He then brought the fan up high as he closed in on Kanpeki, the drums beating faster and faster.
“This I do,” he said, “for the souls of the children of Bayushi.”
At a loud dramatic drumbeat, Kanpeki reached out and caught the fan. A shocked gasp ran through the audience, and it wasn’t just the Unicorn.
“No,” Kanpeki said, his deep voice clear and loud. “This is your failure, I knew you would betray me.”
With loud shouts and rapid drums, Kanpeki brought the fan down on Nitoshi. Nitoshi collapsed to his knees, raising his hands above his head so his long sleeves hid his face.
There was another drumbeat and shout and the lights were doused, plunging the stage into darkness. Kanpeki quickly left the stage, the stage hands carrying the dais close behind him.
When the lights were lit again, Nitoshi was standing in the middle of the stage. He looked down, his long fringe hiding much of his face. Kaiko rose from her kneeling position and approached her father.
Nitoshi threw out an arm, so his long sleeve hid his face.
“You cannot look upon me,” he said. “You know my failure. My failure that caused Kanpeki to turn on our clan. Many died for my failure, I do not wish that for you, my daughter.”
"But father, you did not fail," she said. There was a moment of silence the. She spoke again. "The poison, it did not kill Kanpeki, but it weakened him. It prepared the way for me to inherit your burden."

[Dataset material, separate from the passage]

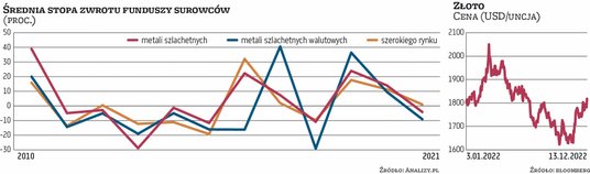 – Dotychczas złoto w tym roku notuje symboliczną stratę, ale zostało jeszcze ponad dwa tygodnie do końca roku, więc nie przesądzałbym, że kruszec zakończy ten rok na czerwono – zastrzega Filip Nowicki, zarządzający Superfund TFI. – Bez wątpienia kończący się rok był rokiem dolara, co w połączeniu z dynamicznie rosnącymi rentownościami obligacji było ciężarem dla złota. Wydaje się, że najgorsze z żółtym metalem już za nami, dynamika podwyżek stóp procentowych w USA będzie niższa w nadchodzących kwartałach i z każdym kwartałem będziemy bliżej rozpoczęcia cyklu obniżek stóp procentowych w USA, co powinno przekładać się również na poprawę nastawienia do rynku złota – przewiduje Nowicki. Zarządzający Superfund TFI zwraca uwagę, że złoto od około 18 miesięcy porusza się w trendzie bocznym po dynamicznych wzrostach z lat 2018–2020 i jego zdaniem scenariuszem bazowym w dalszym ciągu pozostaje kontynuacja trendu wzrostowego.

She moved her fan to her side to uncover her face. There was a long silence while they stood their frozen on the stage.
“Fortunes be praised I have such a daughter,” Nitoshi said.
He uncovered his face and moved his hand to one side, a stage hand put a spear into it. It was decorated with black, white and red tassels.
“My daughter, I bequeath this to you so you will succeed,” he sang, holding the spear high above his head. “The Spear of Emma-O.”
“The Spear of Emma-O,” the chorus echoed.
“The Spear of Emma-O,” repeated Nitoshi. “I bequeath to you, so you will succeed where I did not.”
Kaiko knelt and there was a loud shout and clash of drums as Nitoshi gave the spear to her. Kaiko held the spear out and bowed low with her forehead touching the floor. There was a final shout and the strike of a drum and the play was over.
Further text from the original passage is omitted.